## [Work required]
Could you repeat the records below exactly, without the pictures?

━━━ Exercise material ━━━

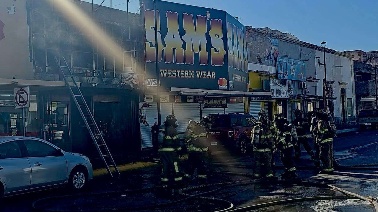 Chihuahua.- Una llamada a los números de emergencia alertó al H. cuerpo de bomberos con el reporte de incendio al interior de un local comercial de sombreros ubicado sobre la avenida Juárez, en la colonia Centro.
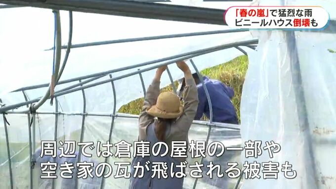 周辺では倉庫の屋根の一部や、空き家の瓦が飛ばされる被害も出ていて、気象庁は詳しい状況を調べています。
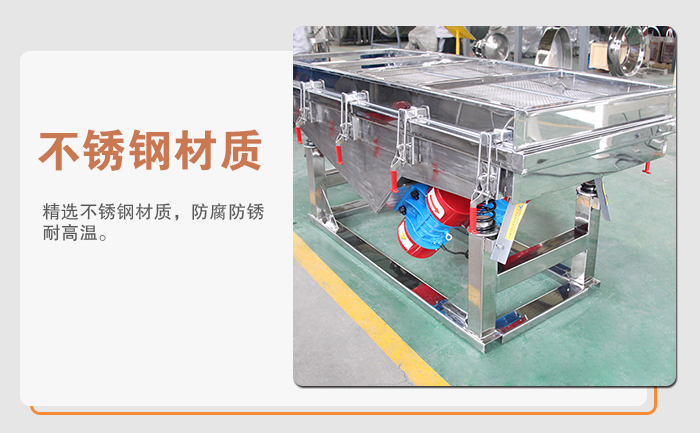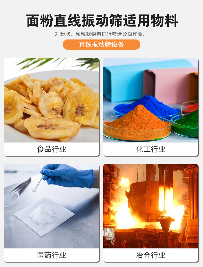 面粉直線振動篩是一種外觀為長方形的振動篩,采用304或316材質(zhì)的不銹鋼精制而成,具有防腐、防銹、耐高溫的特點,適用于食品、醫(yī)藥行業(yè)粉狀、顆粒狀的物料的篩選、分級、除雜,是一款處理量大、篩分效率高的篩分設備。
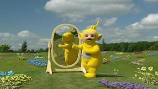 The Teletubbies watch a video about children getting new clothes. Later, a mirror magically appears in Teletubbyland, Dipsy and Laa-Laa take turns looking at their reflections but Tinky-Winky is too tall.
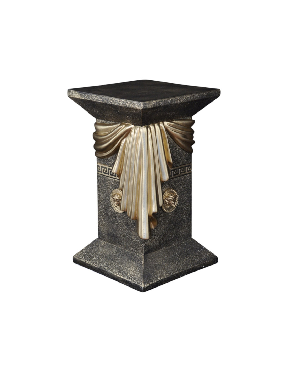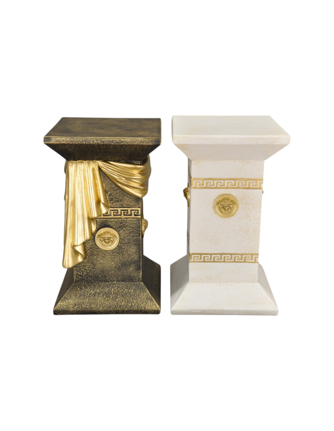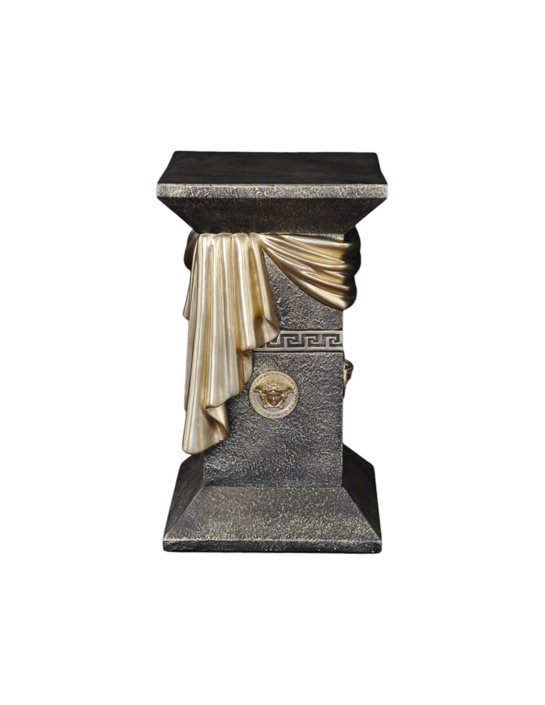 Kolumna zachwyca wyrafinowanymi detalami – elegancką draperią w formie szarfy oraz ozdobnymi medalionami inspirowanymi antycznym wzornictwem. Grecki ornament podkreśla jej klasyczny styl, sprawiając, że doskonale wpisuje się w eleganckie i luksusowe aranżacje. Jest doskonałym elementem dekoracyjnym – może pełnić funkcję stylowej podstawy pod rzeźby, wazony czy ekskluzywne dodatki. Świetnie sprawdzi się zarówno w salonach urządzonych w stylu glamour, jak i w ekskluzywnych wnętrzach barowych czy restauracyjnych.
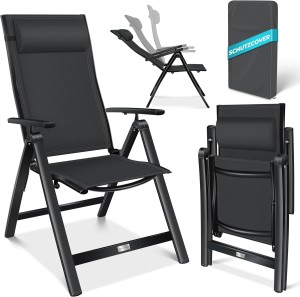 Składane krzesło ogrodowe KESSER® z aluminiową ramą i oddychającym materiałem tekstylnym to komfort i trwałość na lata. Wyposażone w 7-stopniową regulację oparcia, wygodną poduszkę pod głowę i antypoślizgowe nóżki, zapewnia idealny relaks w ogrodzie, na balkonie czy tarasie.
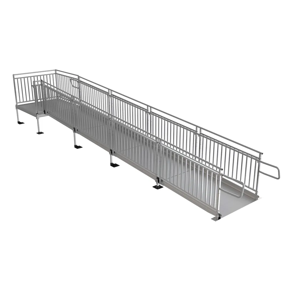 This kit includes a 24' ramp, platform, picketed handrail, end loops, legs, and feet. Installation is quick and easy with universal components, pre-assembled sections, and independently adjustable legs. If your mobility needs change, the PATHWAY HD system can easily be reconfigured, moved, or expanded.
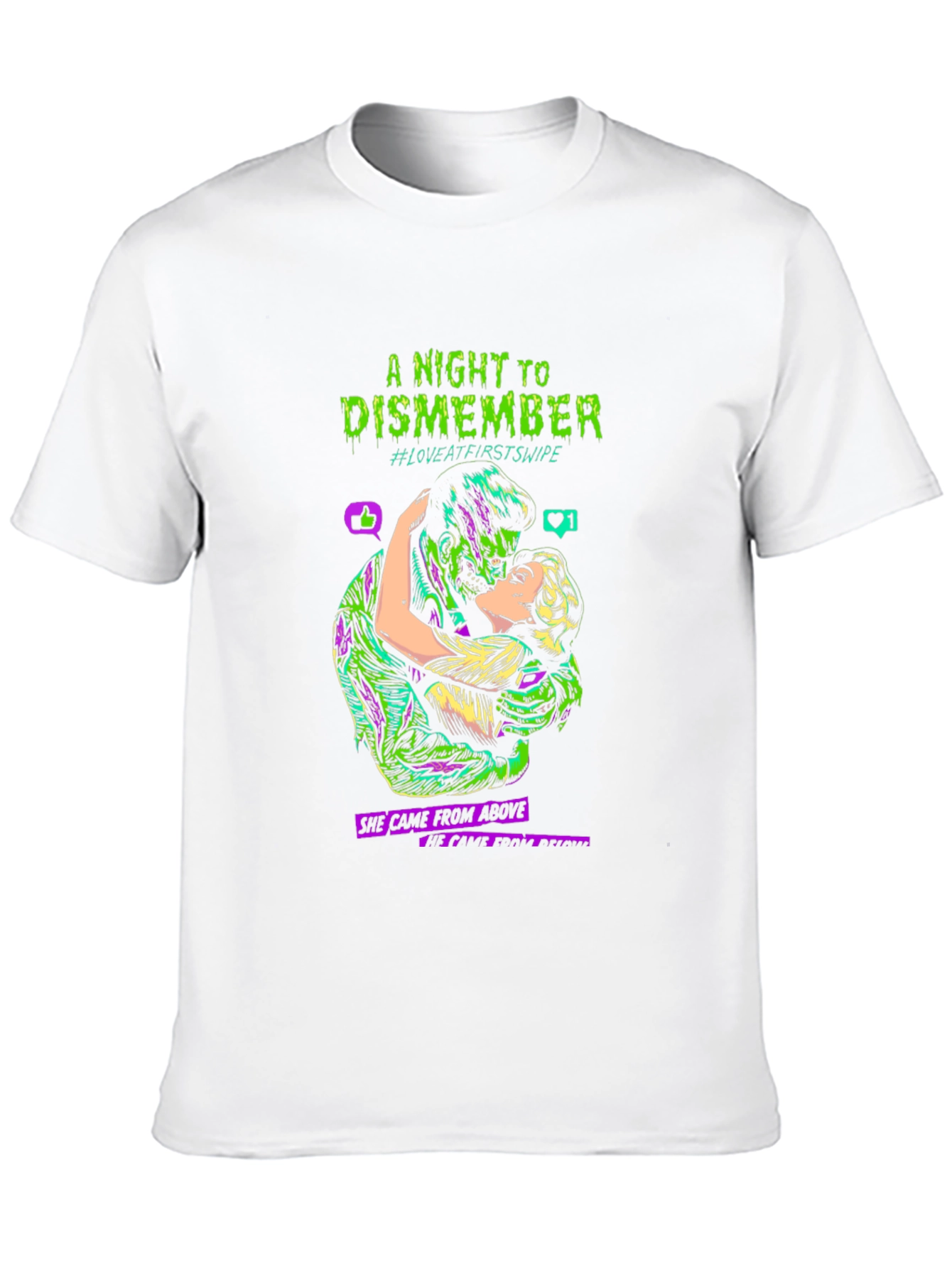 This unique black t-shirt features a vibrant and eye-catching design that is sure to turn heads. The graphic showcases a monster and a woman kissing, accompanied by the text "A Night to Dismember" and the hashtag "#LOVEATFIRSTSWIPE." Additional text says "She came from above, he came from below". The design incorporates bright green and purple hues, creating a visually striking contrast against the black backdrop. Perfect for those who love a touch of dark humor and want to make a bold statement. Wear it casually or as a fun Halloween costume piece.
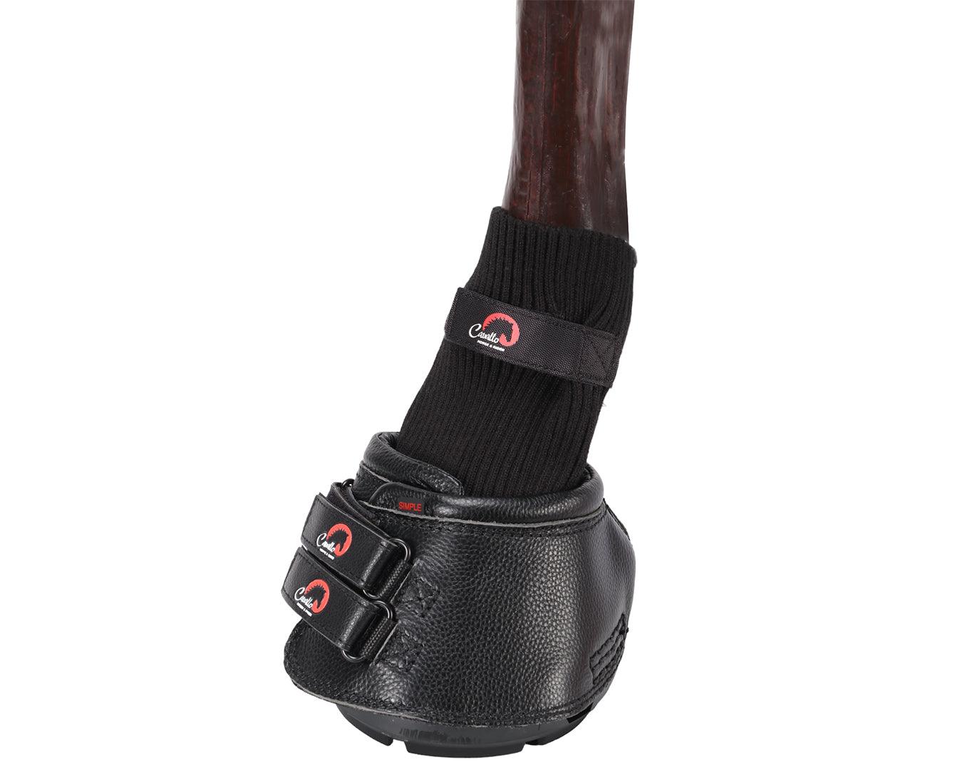 - Pull the sleeve over the hoof and onto your horse's pastern, fasten the strap gently.
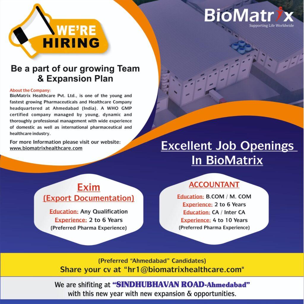 BioMatrix Healthcare- Job Openings for Exim (Export Documentation), Accountant – Apply now
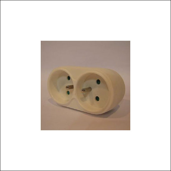 Showcased here is a lightweight and compact plug adaptor designed for easy storage and portability. With two outlets, this French adaptor features a built-in fuse to protect your electronic devices against surges and spikes.
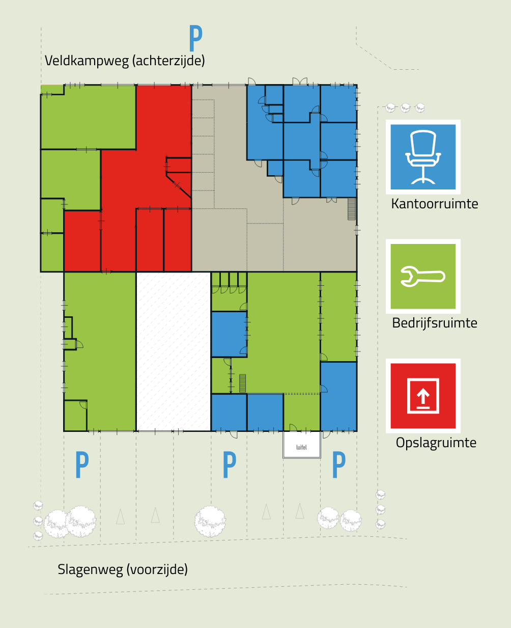 Combinaties mogelijk in kantoor, productie en opslag ruimte. Er zijn ruimtes te huur van 10 tot 1000 m2, met of zonder faciliteiten.

━━━

## [Answer to the exercise]
 Chihuahua.- Una llamada a los números de emergencia alertó al H. cuerpo de bomberos con el reporte de incendio al interior de un local comercial de sombreros ubicado sobre la avenida Juárez, en la colonia Centro.
 周辺では倉庫の屋根の一部や、空き家の瓦が飛ばされる被害も出ていて、気象庁は詳しい状況を調べています。
 面粉直線振動篩是一種外觀為長方形的振動篩,采用304或316材質(zhì)的不銹鋼精制而成,具有防腐、防銹、耐高溫的特點,適用于食品、醫(yī)藥行業(yè)粉狀、顆粒狀的物料的篩選、分級、除雜,是一款處理量大、篩分效率高的篩分設備。
 The Teletubbies watch a video about children getting new clothes. Later, a mirror magically appears in Teletubbyland, Dipsy and Laa-Laa take turns looking at their reflections but Tinky-Winky is too tall.
 Kolumna zachwyca wyrafinowanymi detalami – elegancką draperią w formie szarfy oraz ozdobnymi medalionami inspirowanymi antycznym wzornictwem. Grecki ornament podkreśla jej klasyczny styl, sprawiając, że doskonale wpisuje się w eleganckie i luksusowe aranżacje. Jest doskonałym elementem dekoracyjnym – może pełnić funkcję stylowej podstawy pod rzeźby, wazony czy ekskluzywne dodatki. Świetnie sprawdzi się zarówno w salonach urządzonych w stylu glamour, jak i w ekskluzywnych wnętrzach barowych czy restauracyjnych.
 Składane krzesło ogrodowe KESSER® z aluminiową ramą i oddychającym materiałem tekstylnym to komfort i trwałość na lata. Wyposażone w 7-stopniową regulację oparcia, wygodną poduszkę pod głowę i antypoślizgowe nóżki, zapewnia idealny relaks w ogrodzie, na balkonie czy tarasie.
 This kit includes a 24' ramp, platform, picketed handrail, end loops, legs, and feet. Installation is quick and easy with universal components, pre-assembled sections, and independently adjustable legs. If your mobility needs change, the PATHWAY HD system can easily be reconfigured, moved, or expanded.
 This unique black t-shirt features a vibrant and eye-catching design that is sure to turn heads. The graphic showcases a monster and a woman kissing, accompanied by the text "A Night to Dismember" and the hashtag "#LOVEATFIRSTSWIPE." Additional text says "She came from above, he came from below". The design incorporates bright green and purple hues, creating a visually striking contrast against the black backdrop. Perfect for those who love a touch of dark humor and want to make a bold statement. Wear it casually or as a fun Halloween costume piece.
 - Pull the sleeve over the hoof and onto your horse's pastern, fasten the strap gently.
 BioMatrix Healthcare- Job Openings for Exim (Export Documentation), Accountant – Apply now
 Showcased here is a lightweight and compact plug adaptor designed for easy storage and portability. With two outlets, this French adaptor features a built-in fuse to protect your electronic devices against surges and spikes.
 Combinaties mogelijk in kantoor, productie en opslag ruimte. Er zijn ruimtes te huur van 10 tot 1000 m2, met of zonder faciliteiten.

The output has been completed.